20. A status bar on the bottom of the screen appears with an estimate of the time remaining, as shown next. Review all of the information you have entered, as it is summarized here for you. If you see any incorrect information, cancel the imaging now by restarting the system; then restart this process from the beginning. Once you have created the image, you cannot change the information you entered.
21. After you have successfully completed the imaging, power off the system, remove the image drive, and place it and the suspect drives in static-proof bags.

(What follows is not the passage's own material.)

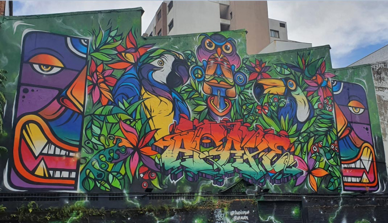 O mural possui duas obras que se destacam: a primeira a ser concluída traz a figura de um guardião indígena rodeado de elementos da flora e da fauna, dos olhos atentos de uma coruja às cores exuberantes das araras e dos frutos do guaranazeiro Foram quatro dias de trabalho para cobrir o paredão de 280 metros quadrados, inaugurado em junho, mais de 60 litros de tinta e 250 latas de spray; a segunda é em defesa da natureza com tucanos, araras, coalas, serpentes e uma onça pintada. Tem aproximadamente 160 metros quadrados e foi pintada no mesmo terreno, como uma extensão do primeiro. A obra contou com apoio do artista Henrique Padilha.

Alternative Methods for Imaging
Image the Drive Using the FastBloc Hardware Write-Blocker and EnCase Imaging systems outside of DOS allow you to take advantage of memory ranges beyond 640K and offer the ability to write to NTFS drives. However, imaging systems in operating systems such as Windows require that you take extra precautions. Specifically, you need a hardware-level write-blocker. Upon attaching a new piece of media to a Windows system, Windows will automatically attempt to write some system-level data to the drive. Allowing this to happen would defeat all the work you’ve put into your forensics effort up to that point. Using a hardware write-blocker in line between the system and the suspect drive allows you to state to the court without a doubt that you prevented any modification of the original evidence during your imaging. Hardware write-blockers work by preventing a write command from ever reaching the drive itself; instead, they return a true value to the operating system and do not pass on the command. This physically prevents your system from modifying your evidence.